A few weeks ago, I was at church early setting up my stuff in the hallway. Someone grabbed me and pulled me into the auditorium.

“We want to see what you think about something.”

I looked at the screen where the media team displays the words to the songs we will sing during worship. Behind the words were moving strips of colors. Lights were fading in and out. I had to look away. My head was spinning. I felt like my old friend, Vertigo, wanted to pull me down a spiral staircase.

“I don’t like it,” I announced. I actually thought that by saying this, it would just confirm what they already knew: This was a bad idea.

Instead, the other three people standing around me looked at each other. They gave each other a knowing look. They all seemed in complete agreement that it was fabulous!

“I hate to say it, but I think it’s an age thing,” one of them told me.

Ugh. That was hard to swallow. Up until that moment, I really did not realize that this group of people saw me as being so much older than they are. I don’t feel older. But it wasn’t really the outright statement about the obvious truth that I’m 10 to 15 years older than the people in that group.

It was the implication. It wasn’t so much my chronological age. I just wasn’t hip enough to understand. I wasn’t cool enough. I wasn’t with it.
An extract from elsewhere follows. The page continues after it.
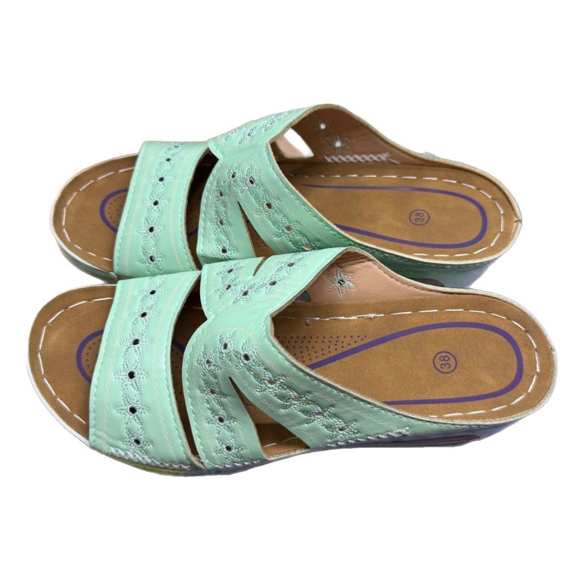 Босоножки трансграничного размера 43, женские босоножки на танкетке, толстая подошва с рыбьим ртом, экспортная обувь большого размера, разноцветные дополнительные босоножки с вышивкой для женщин в наличии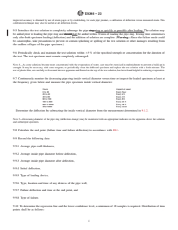 9.7 Continuously monitor the decreasing pipe-ring inside vertical diameter versus time or inspect the loaded specimen at least at

I try hard to stay on top of technology. I’m always looking for ways to try to make things more appealing, either through graphic design, video, color, glossy paper, background music, web design… whatever!

I like to think of myself as being forward thinking. I would say that, in general, I’m a visionary. I love to try new things, think of new ideas, dream of better ways to do things. I couldn’t believe that I really thought I was on top of things and, in fact, I didn’t have a clue!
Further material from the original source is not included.